** Opening MATERIAL FOR THIS TASK block **

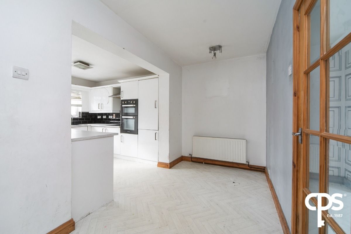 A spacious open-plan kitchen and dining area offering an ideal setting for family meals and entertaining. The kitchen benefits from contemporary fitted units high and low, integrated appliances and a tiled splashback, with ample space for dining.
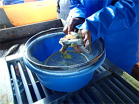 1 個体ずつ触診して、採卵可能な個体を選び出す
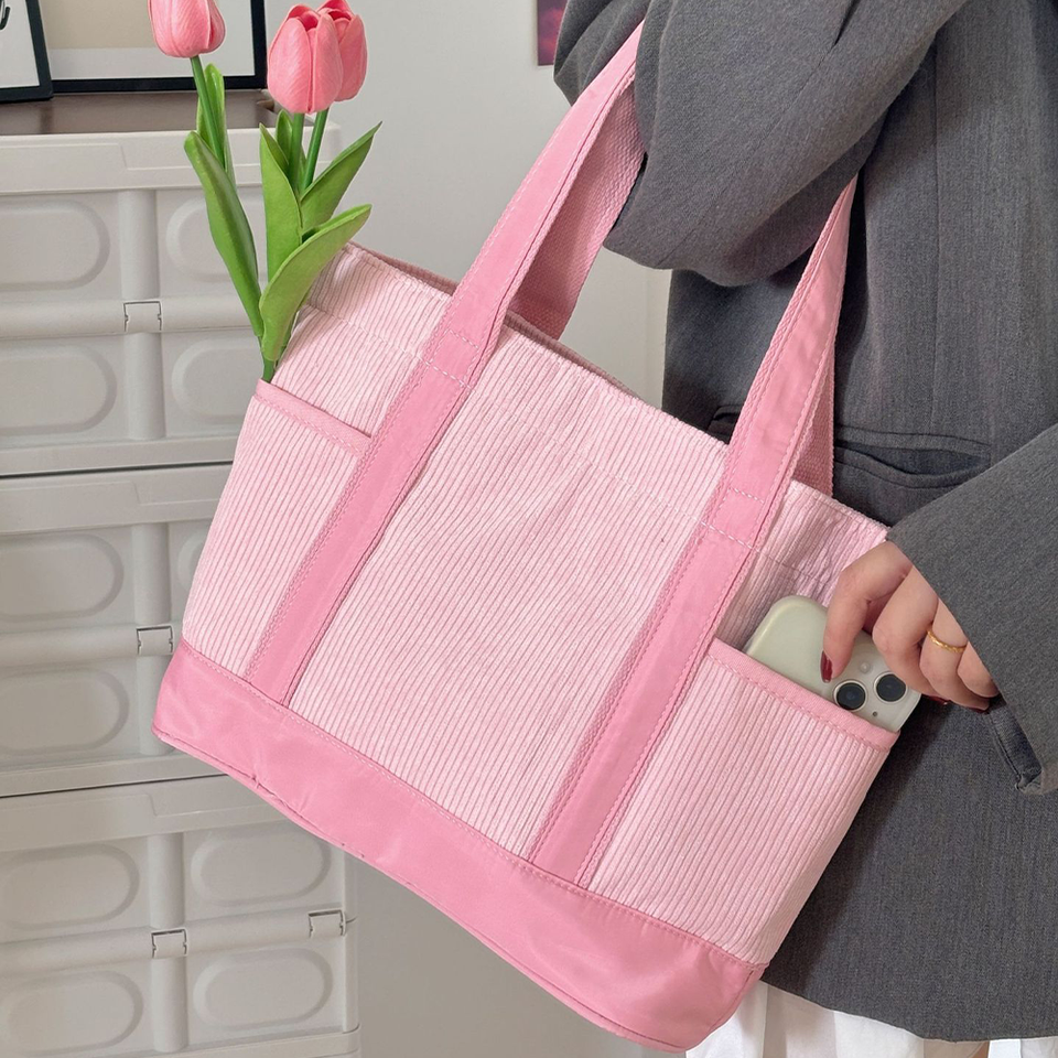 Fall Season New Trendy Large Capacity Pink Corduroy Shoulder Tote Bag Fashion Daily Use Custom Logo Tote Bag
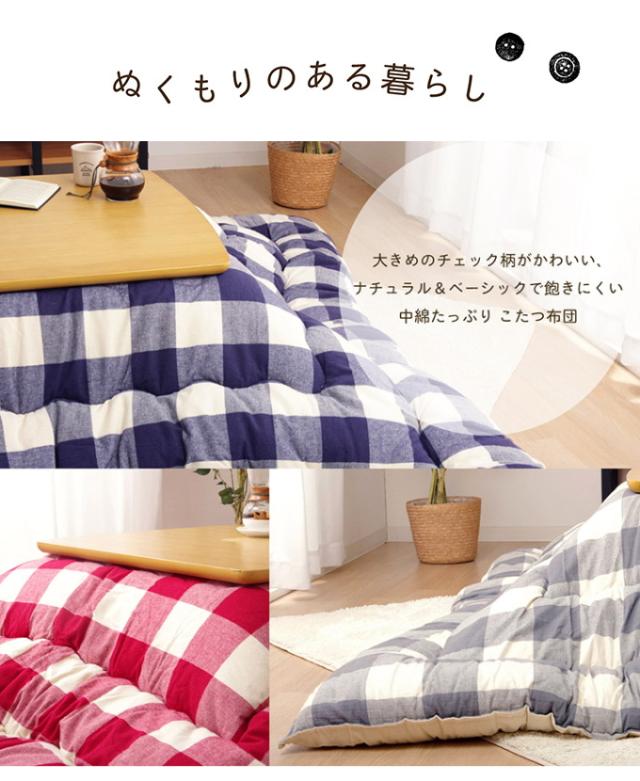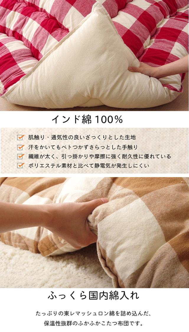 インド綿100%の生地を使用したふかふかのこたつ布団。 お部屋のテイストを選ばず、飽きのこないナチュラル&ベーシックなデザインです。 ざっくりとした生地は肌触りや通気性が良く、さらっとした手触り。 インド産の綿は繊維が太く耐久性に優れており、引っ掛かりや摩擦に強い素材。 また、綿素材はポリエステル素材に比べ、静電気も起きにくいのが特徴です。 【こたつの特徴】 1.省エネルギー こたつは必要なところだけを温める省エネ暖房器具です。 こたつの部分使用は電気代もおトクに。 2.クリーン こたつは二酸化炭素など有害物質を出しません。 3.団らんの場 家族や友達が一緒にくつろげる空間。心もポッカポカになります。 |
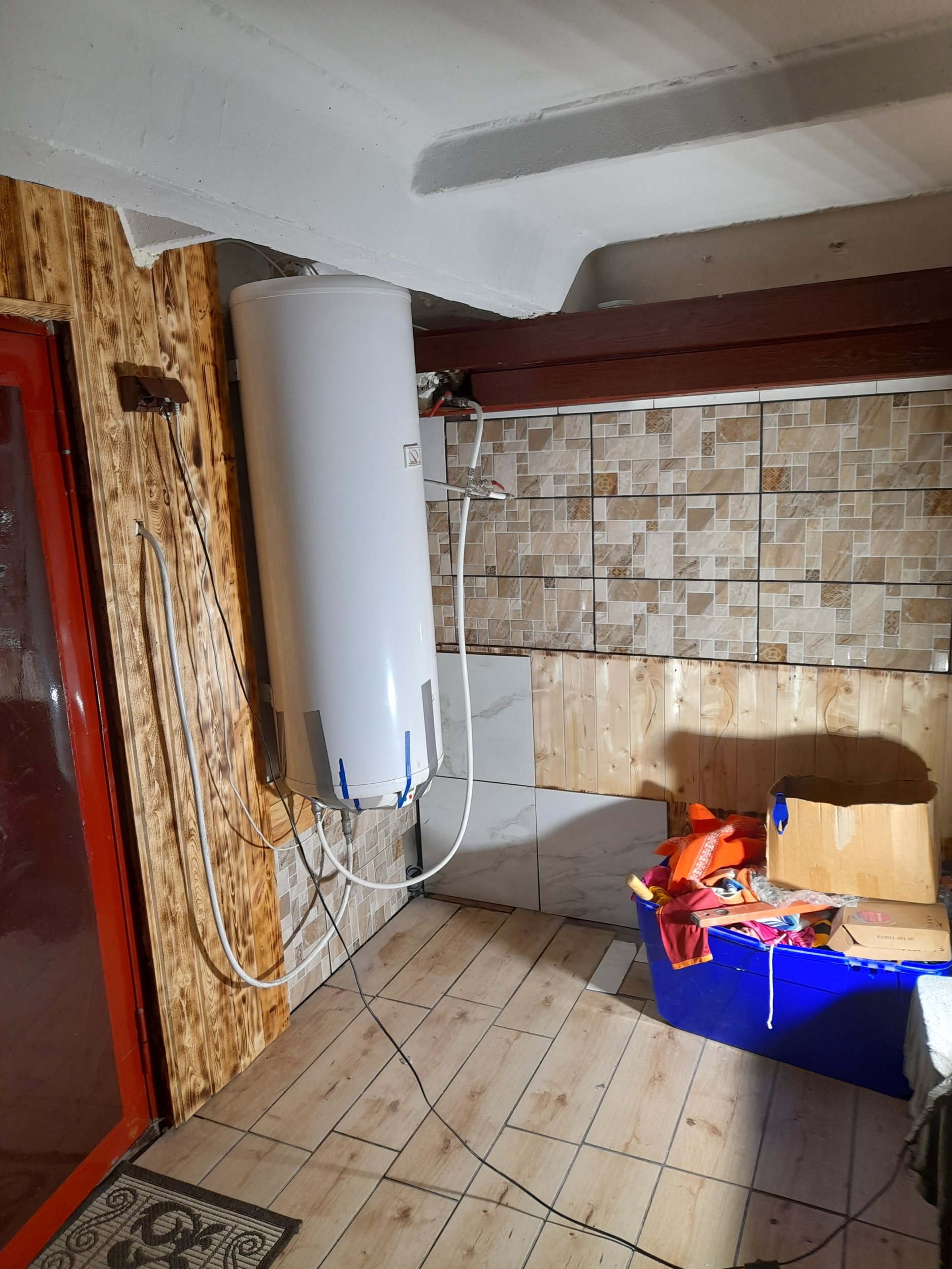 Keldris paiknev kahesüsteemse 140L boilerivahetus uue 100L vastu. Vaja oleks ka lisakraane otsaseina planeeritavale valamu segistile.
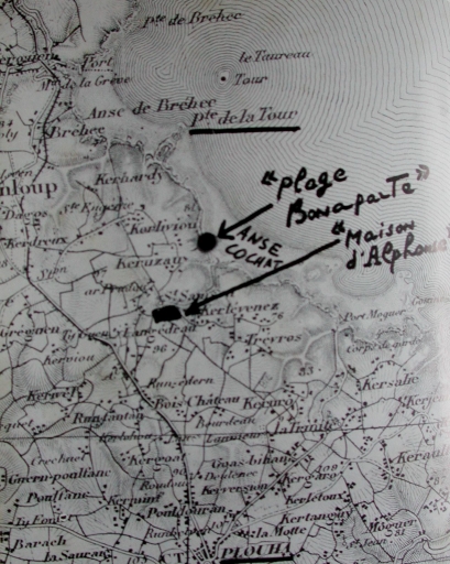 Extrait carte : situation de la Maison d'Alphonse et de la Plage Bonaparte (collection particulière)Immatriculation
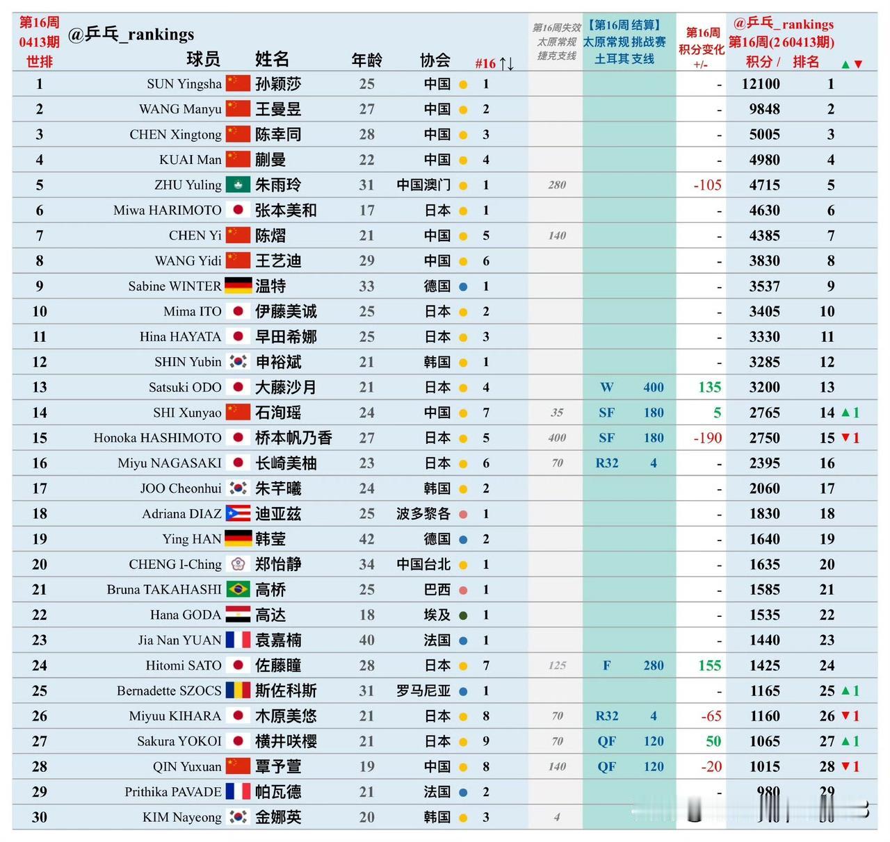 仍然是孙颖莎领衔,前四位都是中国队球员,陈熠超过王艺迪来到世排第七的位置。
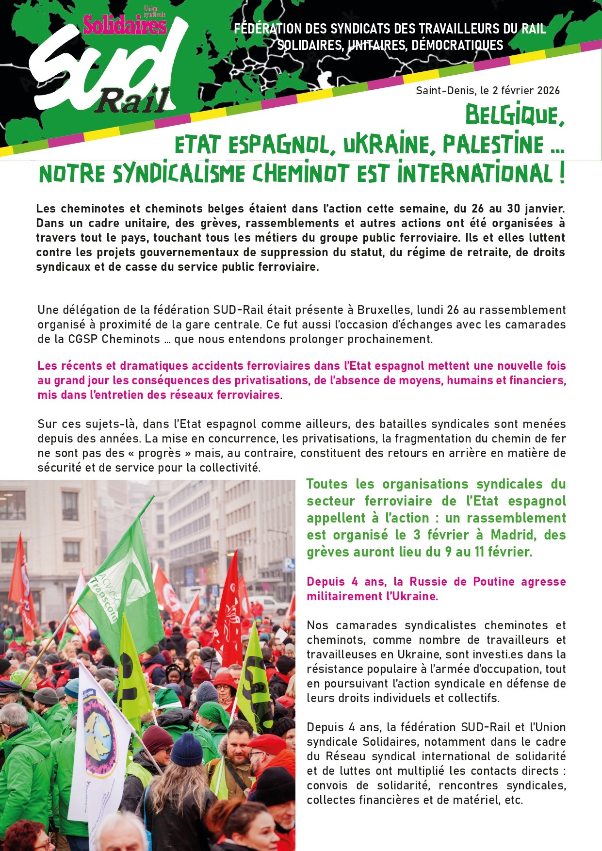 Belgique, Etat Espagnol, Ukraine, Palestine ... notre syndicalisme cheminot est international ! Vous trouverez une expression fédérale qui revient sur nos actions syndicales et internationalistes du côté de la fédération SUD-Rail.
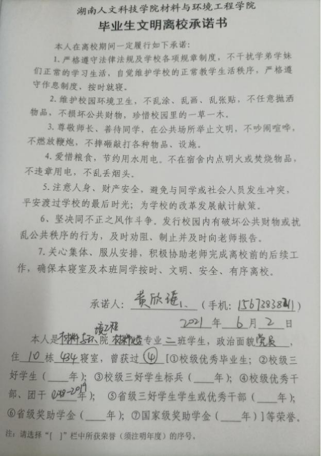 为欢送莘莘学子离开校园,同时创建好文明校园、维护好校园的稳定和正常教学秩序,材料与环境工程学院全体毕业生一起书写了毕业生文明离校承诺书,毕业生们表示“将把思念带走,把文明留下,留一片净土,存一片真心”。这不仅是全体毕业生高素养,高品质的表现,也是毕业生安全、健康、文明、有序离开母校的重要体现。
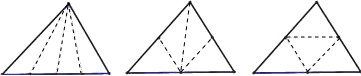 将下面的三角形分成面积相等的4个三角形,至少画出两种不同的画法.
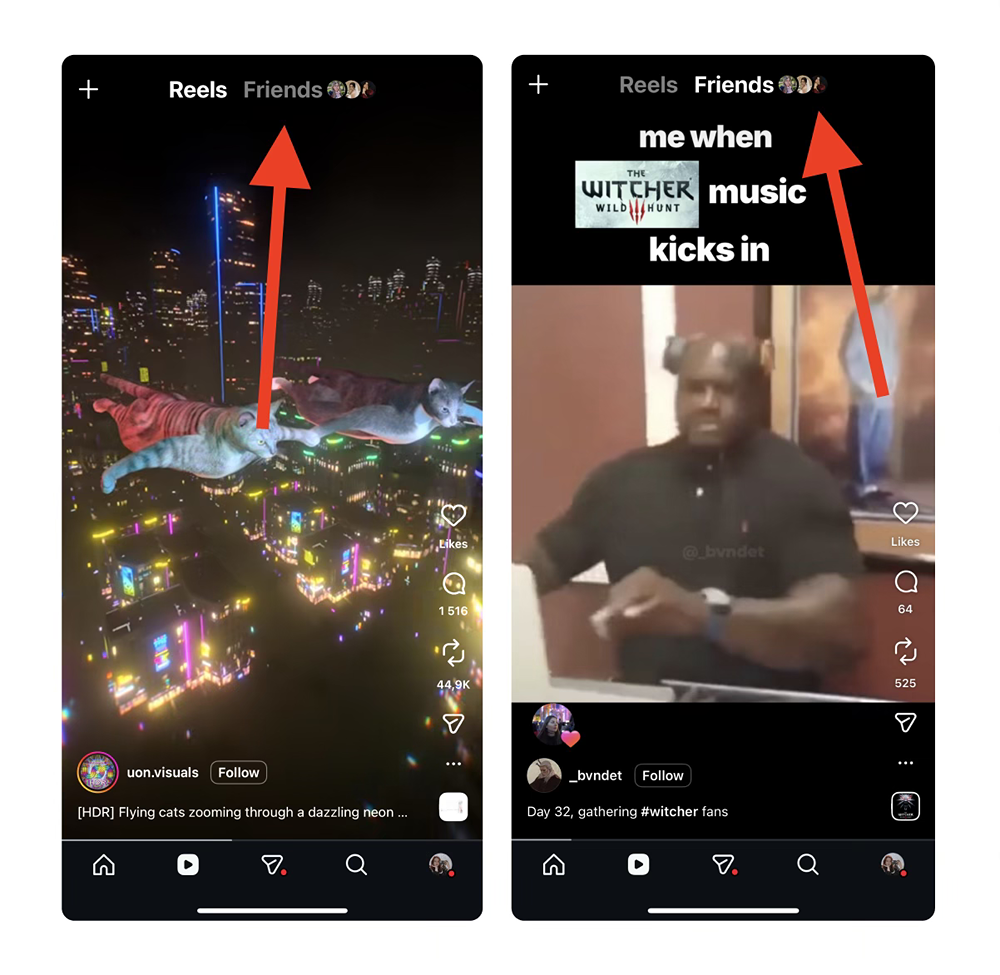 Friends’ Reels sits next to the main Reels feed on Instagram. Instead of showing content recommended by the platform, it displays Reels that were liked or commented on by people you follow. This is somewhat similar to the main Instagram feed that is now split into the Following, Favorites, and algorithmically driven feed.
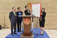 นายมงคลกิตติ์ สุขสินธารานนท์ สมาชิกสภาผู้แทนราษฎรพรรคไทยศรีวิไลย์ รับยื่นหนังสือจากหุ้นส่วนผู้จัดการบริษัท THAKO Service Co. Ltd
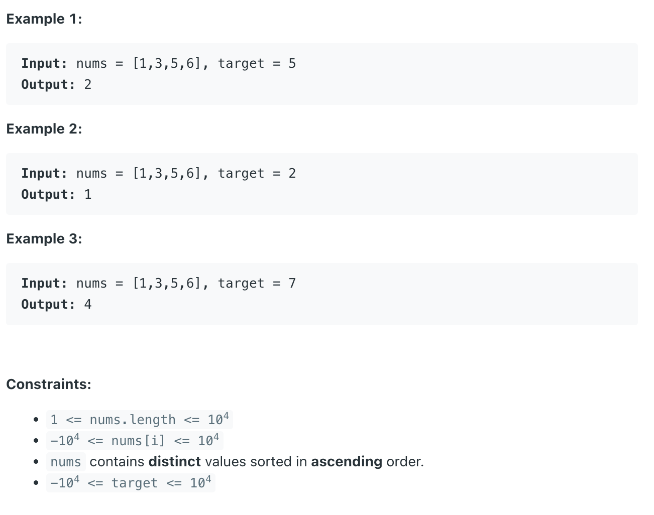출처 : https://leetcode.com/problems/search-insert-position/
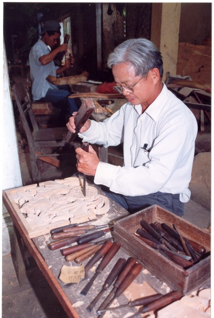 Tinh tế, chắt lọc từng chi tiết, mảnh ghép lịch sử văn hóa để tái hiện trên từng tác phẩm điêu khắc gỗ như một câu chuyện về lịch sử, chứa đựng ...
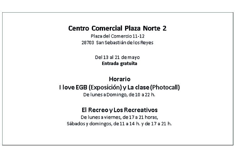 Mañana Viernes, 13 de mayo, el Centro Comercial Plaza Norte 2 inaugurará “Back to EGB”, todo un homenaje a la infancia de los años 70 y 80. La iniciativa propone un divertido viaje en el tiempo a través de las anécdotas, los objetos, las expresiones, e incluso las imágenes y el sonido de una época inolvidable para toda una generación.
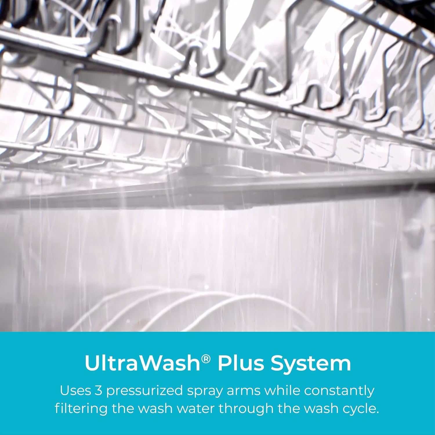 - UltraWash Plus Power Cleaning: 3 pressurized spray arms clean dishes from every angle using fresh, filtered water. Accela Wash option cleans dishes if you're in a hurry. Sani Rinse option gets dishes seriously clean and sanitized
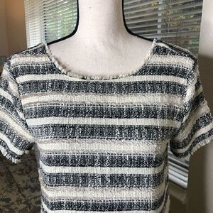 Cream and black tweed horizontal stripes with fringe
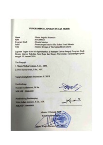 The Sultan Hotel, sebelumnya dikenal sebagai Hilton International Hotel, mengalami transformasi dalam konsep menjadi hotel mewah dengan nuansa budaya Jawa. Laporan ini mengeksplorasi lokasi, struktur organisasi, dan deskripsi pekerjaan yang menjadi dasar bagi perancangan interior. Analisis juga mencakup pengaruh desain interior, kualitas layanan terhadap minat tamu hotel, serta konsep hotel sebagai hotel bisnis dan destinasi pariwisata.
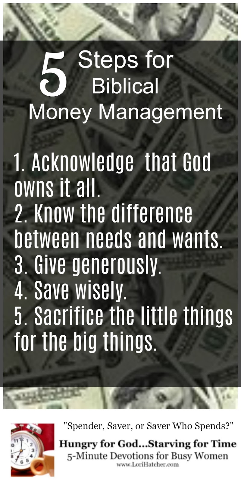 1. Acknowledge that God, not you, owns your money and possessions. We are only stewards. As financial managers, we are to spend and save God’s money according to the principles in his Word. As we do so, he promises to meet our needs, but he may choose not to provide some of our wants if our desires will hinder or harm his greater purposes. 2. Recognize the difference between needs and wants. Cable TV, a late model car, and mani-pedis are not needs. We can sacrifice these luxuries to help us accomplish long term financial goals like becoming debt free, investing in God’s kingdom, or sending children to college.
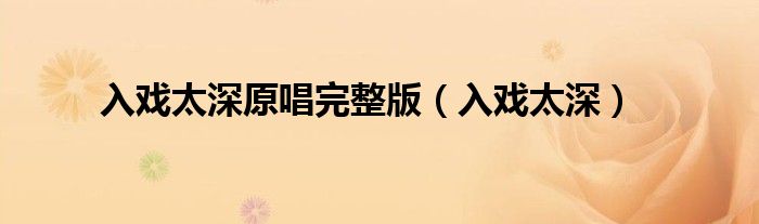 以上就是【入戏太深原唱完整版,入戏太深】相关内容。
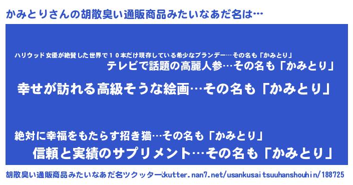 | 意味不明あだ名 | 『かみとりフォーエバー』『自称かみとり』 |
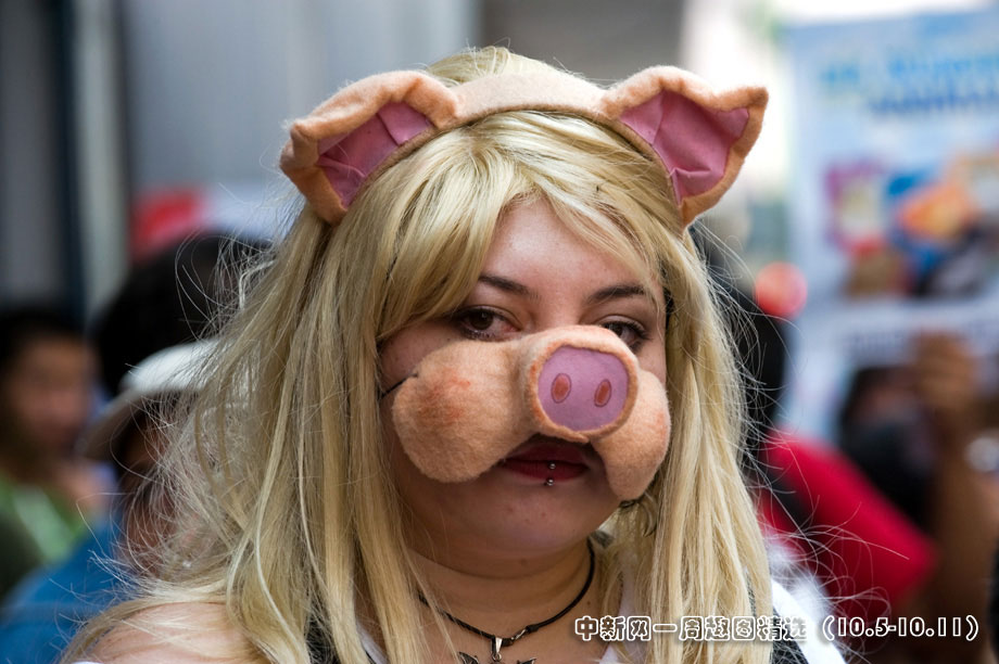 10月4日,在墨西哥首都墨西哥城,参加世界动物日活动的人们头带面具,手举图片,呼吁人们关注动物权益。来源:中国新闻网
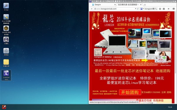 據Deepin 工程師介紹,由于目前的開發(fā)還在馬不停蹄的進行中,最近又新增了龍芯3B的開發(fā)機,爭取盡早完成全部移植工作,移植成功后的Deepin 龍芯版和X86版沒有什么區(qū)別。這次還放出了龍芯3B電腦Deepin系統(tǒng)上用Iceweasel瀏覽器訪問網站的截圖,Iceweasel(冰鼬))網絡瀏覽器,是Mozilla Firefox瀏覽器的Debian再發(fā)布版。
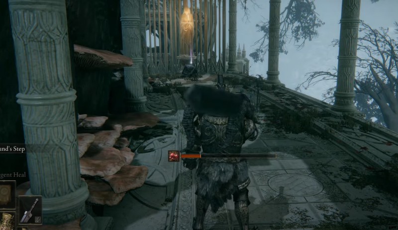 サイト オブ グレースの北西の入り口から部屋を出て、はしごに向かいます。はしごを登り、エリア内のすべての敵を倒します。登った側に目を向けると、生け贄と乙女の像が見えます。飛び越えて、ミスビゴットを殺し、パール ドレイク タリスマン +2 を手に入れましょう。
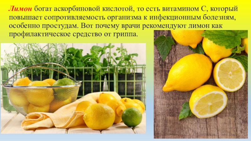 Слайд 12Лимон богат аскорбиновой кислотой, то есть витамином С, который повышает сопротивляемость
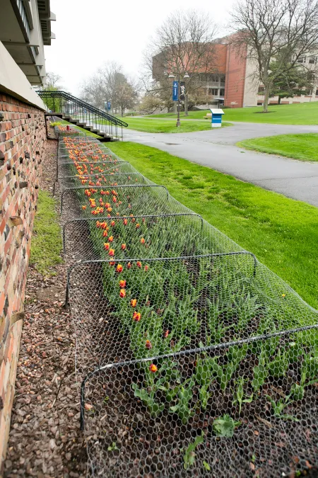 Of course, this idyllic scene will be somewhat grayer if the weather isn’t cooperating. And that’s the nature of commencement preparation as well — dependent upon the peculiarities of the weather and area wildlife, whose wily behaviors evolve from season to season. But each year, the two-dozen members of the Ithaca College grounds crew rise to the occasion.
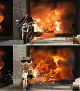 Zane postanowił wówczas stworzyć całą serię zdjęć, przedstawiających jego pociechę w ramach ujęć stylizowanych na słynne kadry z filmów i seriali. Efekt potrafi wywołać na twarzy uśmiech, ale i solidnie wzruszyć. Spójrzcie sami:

** Closing MATERIAL FOR THIS TASK block **

# TASK ITEM
Only one stretch of the data is wanted: write out exactly the lines from the one holding "以上就是【入戏太深原唱完整版,入戏太深】相关内容。" through the one holding "タリスマン +2 を手に入れましょう。", both included, without the pictures.

# WRITTEN RESPONSE
 以上就是【入戏太深原唱完整版,入戏太深】相关内容。
 | 意味不明あだ名 | 『かみとりフォーエバー』『自称かみとり』 |
 10月4日,在墨西哥首都墨西哥城,参加世界动物日活动的人们头带面具,手举图片,呼吁人们关注动物权益。来源:中国新闻网
 據Deepin 工程師介紹,由于目前的開發(fā)還在馬不停蹄的進行中,最近又新增了龍芯3B的開發(fā)機,爭取盡早完成全部移植工作,移植成功后的Deepin 龍芯版和X86版沒有什么區(qū)別。這次還放出了龍芯3B電腦Deepin系統(tǒng)上用Iceweasel瀏覽器訪問網站的截圖,Iceweasel(冰鼬))網絡瀏覽器,是Mozilla Firefox瀏覽器的Debian再發(fā)布版。
 サイト オブ グレースの北西の入り口から部屋を出て、はしごに向かいます。はしごを登り、エリア内のすべての敵を倒します。登った側に目を向けると、生け贄と乙女の像が見えます。飛び越えて、ミスビゴットを殺し、パール ドレイク タリスマン +2 を手に入れましょう。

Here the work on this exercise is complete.